Com as novas dramaturgias, após a libertação da tirania do texto, o teatro

iniciou uma busca por um lugar seu, de significação para além do logos; um lugar

que Lehmann abordou com o auxílio de um exemplo trabalhado por Julia Kristeva,

a partir de um termo platónico: chôra. Este termo, cunhado em Timeu para designar

“o espaço, que não acolhe a destruição e fornece o lugar a todas as coisas que têm

geração, [e que] é captável por meio de um certo raciocínio bastardo, não

acompanhado de sensação e dificilmente credível (...)” (PLATÃO 2004: 99), é aqui

utilizado para definir um novo espaço para o teatro, situado no limite da lógica e da

razão (LEHMANN 1997: 56). Para este novo espaço, “olhemos como num sonho”

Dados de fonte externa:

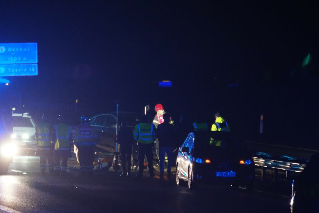 Uheldet betyder, at kun ét spor er farbart lige nu. Uheldet er sket i venstre spor.

(PLATÃO 2004: 99), tal como Artaud pretendia olhar o Teatro através da

  138  

Crueldade, visão nunca plenamente concretizada, mas que acabou por contribuir

para a fogueira onde ardeu grande parte do logocentrismo do palco ocidental. Esta

nova noção de teatro, em que ele é encarado como um espaço aberto a infinitas

possibilidades de criação, implica uma linguagem definida por uma multiplicidade

de vozes e desconstrução de um sentido fixo, devolvendo, assim, ao teatro o seu

acentuado estatuto de espetáculo. Ocorreu, também a redescoberta do seu potencial

comunicativo, ao ser transferido o foco que outrora incidia sobre o diálogo interno –

feito no palco, entre personagens – para um diálogo externo; para uma comunicação

com um espectador ativo que constrói, em si, a síntese do espetáculo de uma forma

subjetiva e livre de um pensamento conduzido. Este processo de síntese faz-se,

frequentemente, através de um teatro paisagem; uma noção ampla e aberta que nos

remete para um tipo de teatro que não conduz o olhar do espectador para a única

fonte de sentido em cena, deixando-o livre para observar o palco e assimilar

significados como bem entender, tal como faria quando confrontado com uma

paisagem natural. Neste teatro a dramaturgia visual é um elemento de extrema

importância, embora isso não signifique que seja um espectáculo completamente

livre da palavra, mas antes um espectáculo livre da hierarquia dependente da razão.

Como referido na introdução, a presente dissertação não pretendeu prestar-se

a um estudo exaustivo que abarcasse todas as expressões possíveis das novas

dramaturgias, mas antes contribuir para uma compreensão sumária do que constitui

este novo rumo dado ao teatro e de onde ele partiu para chegar até nós, em parte,

como uma vanguarda amadurecida e em paz consigo mesma, sem necessidade de

uma demarcação agressiva em relação às formas antigas, comas quais é hoje capaz

de conviver. O teatro encontrou-se a si próprio e à sua especificidade, regressando a

si mesmo para apreciar o seu verdadeiro papel enquanto espetáculo.